Ziel/Aim Lung cancer patients (LCP) often experience cancer cachexia (CC). Brown (BAT) and white adipose tissue (WAT) may play a role in the development of CC and resistance to chemotherapy. In a translational approach, we aimed to find out whether and how adipose tissue interacts with LC in cachexia.

Methodik/Methods Retrospectively, 200 LCP and 30 healthy controls (HC) were analyzed for BAT activation via fluorine-18 deoxyglucose positron emission tomography/computed tomography. Mean standardized uptake values (SUVmean) of predefined regions of interest (ROI) in the retroclavicular fat were measured, normalized to liver uptake and reported as SUV ratio (SUVR). ROIs from transversal CT image were used to quantify visceral adipose (VAT) and muscle mass. Prospectively, 50 LCP were likewise analyzed for BAT activation and additionally underwent bioelectrical impedance analysis to assess body composition and analysis of circulating adipokines. In an in-vitro co-culture system, the interactions between LC cell lines (H322, A549, H1650, PC9) and BAT or WAT were analyzed for resistance to the chemotherapeutics cisplatin, gefitinib, or osimertinib via MTT assay and for specific adipokine signaling.

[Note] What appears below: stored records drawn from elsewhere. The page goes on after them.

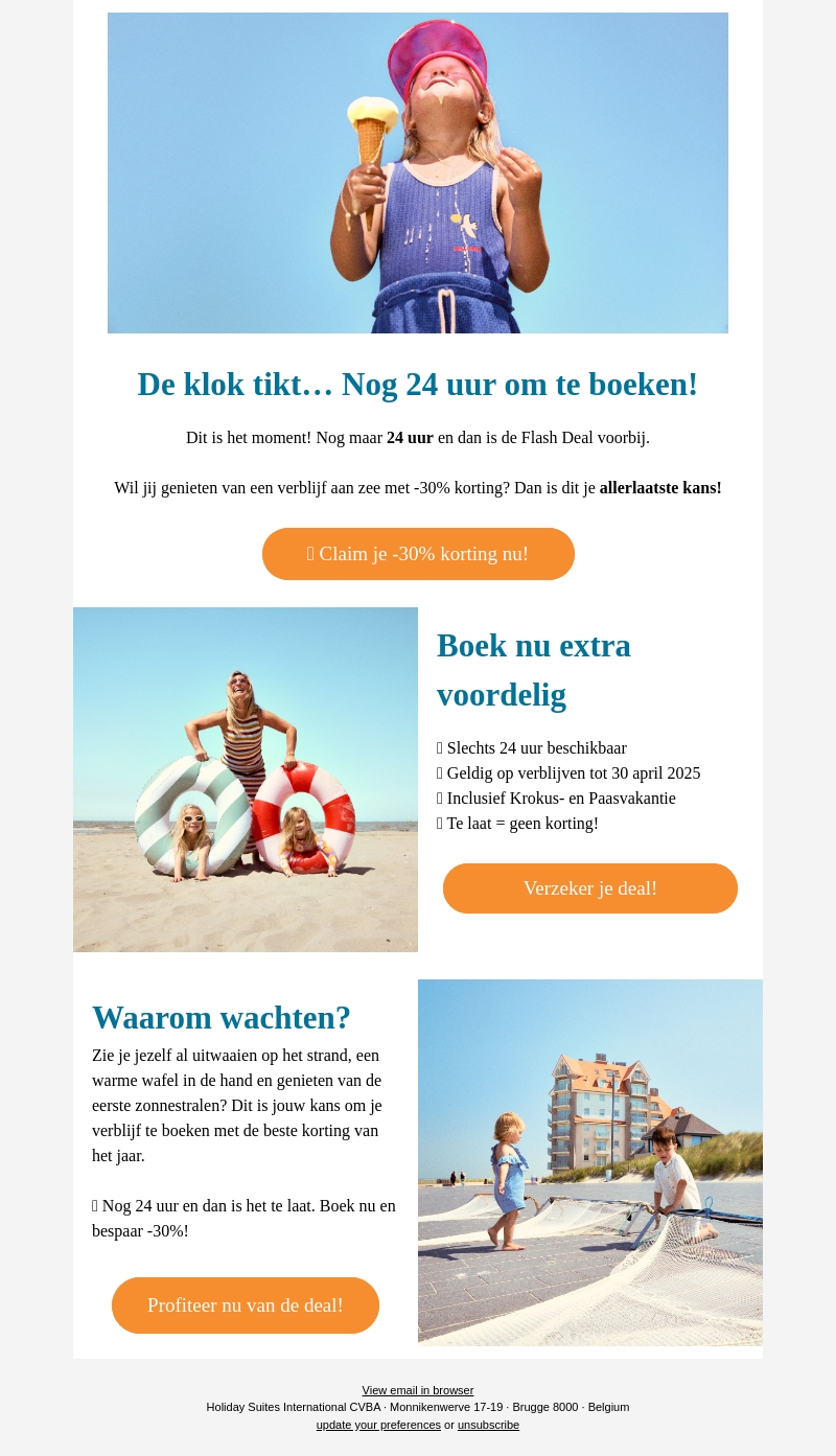 Dit is je allerlaatste kans om te genieten van een verblijf aan zee met 30% korting. Deze aanbieding is slechts 24 uur beschikbaar en geldt tot 30 april 2025. Inclusief Krokus- en Paasvakantie! Boek nu en bespaar.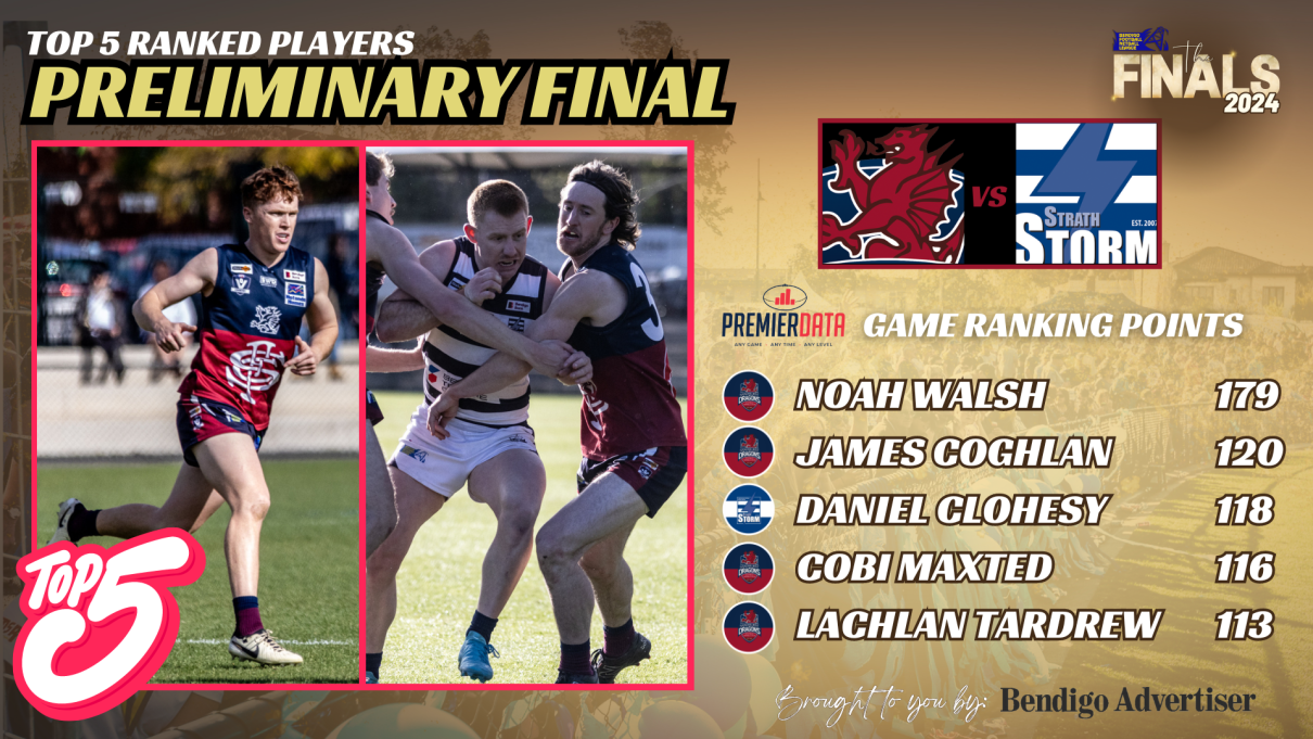 With thanks to Premier Data & Bendigo Addy Sport, compare the top 5 ranked players on the ground from the Preliminary Final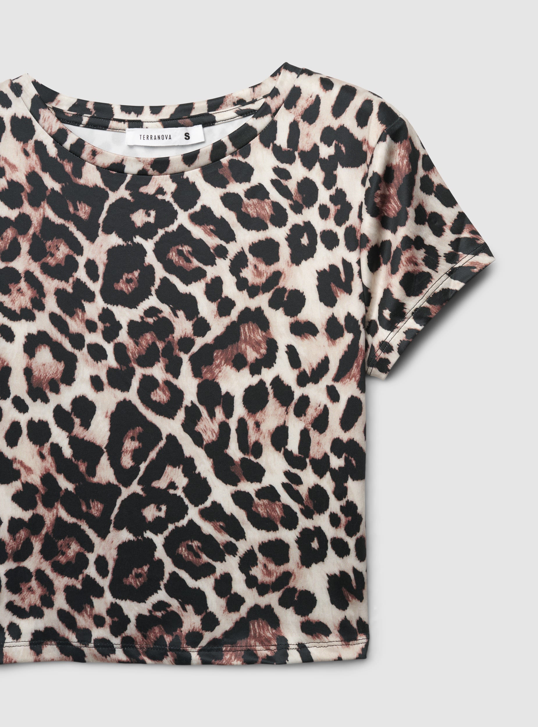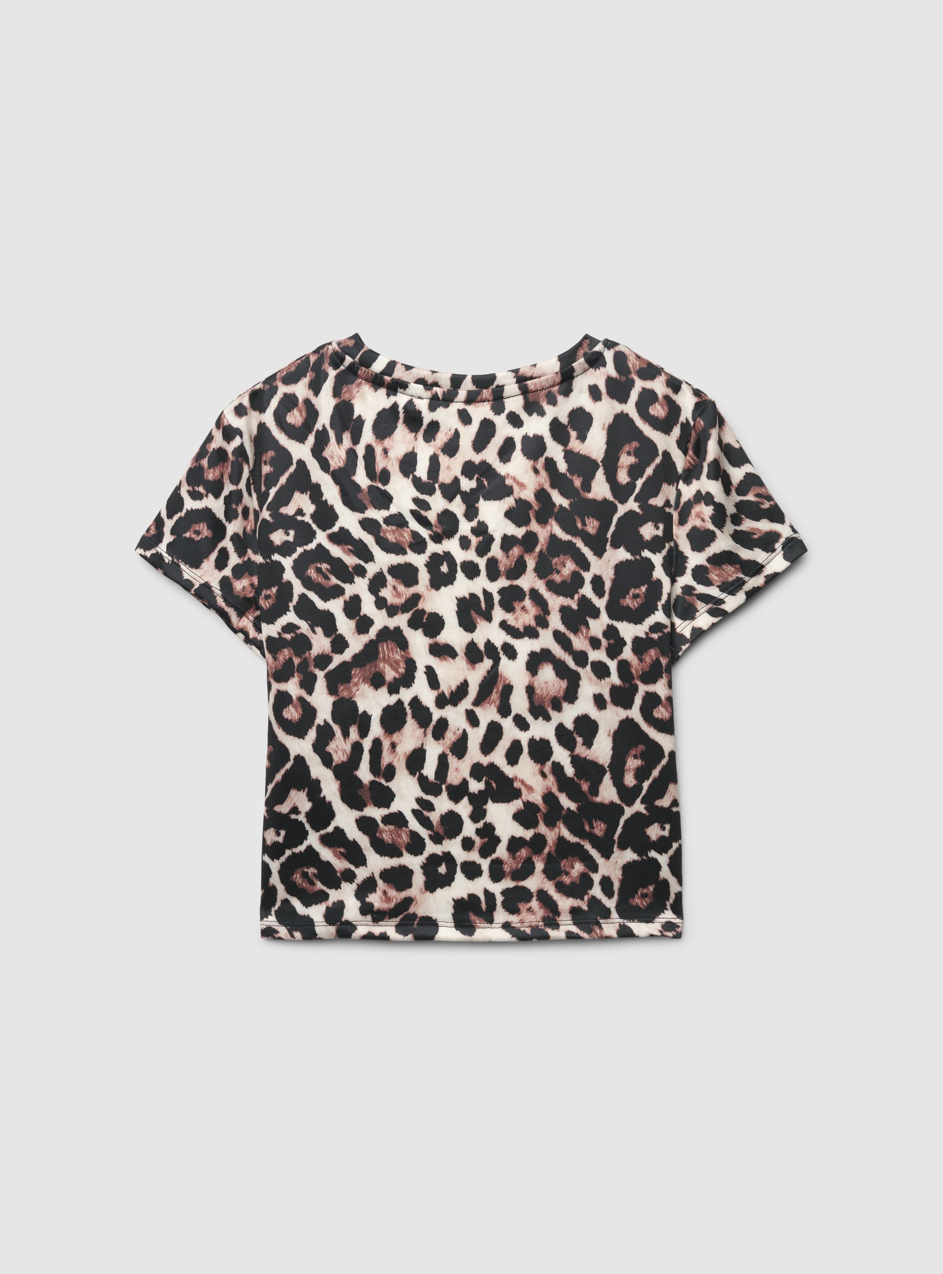 Maglietta da donna con vestibilità crop e stampa animalier. Collo rotondo e maniche corte, perfetta per look grintosi dal giorno alla sera. Facile da abbinare a jeans a vita alta, minigonne o pantaloni sartoriali per un contrasto moderno. Il design essenziale valorizza la silhouette, mentre l’elasticità del tessuto offre comfort nei movimenti. Ideale per outfit casual e urban con sneakers o sandali.Dettagli

Ergebnisse/Results LCP showed higher SUVR in BAT than the HC. Higher SUVR in BAT was associated with lower BMI (r = −0.38) and reduced VAT (r = −0.44). LCP with higher SUVR in BAT were associated with significant weight loss (odds ratio 2.3, P <  0.05). These results were confirmed in the prospective cohort. Circulating adiponectin levels positively correlated with SUVR in BAT (r = 0.71) and inversely with both BMI (r = −0.61), VAT (r = −0.58) and lean body mass (r = −0.53). Co-cultured adipocytes reduced chemosensitivity in lung cancer cells.

Schlussfolgerungen/Conclusions LCP express higher BAT activity than HC, which is correlated with CC. Adiponectin is associated with BAT activation and leaner body composition. At the cellular level, co-cultured adipocytes can lead to resistance to chemotherapy in LC cells.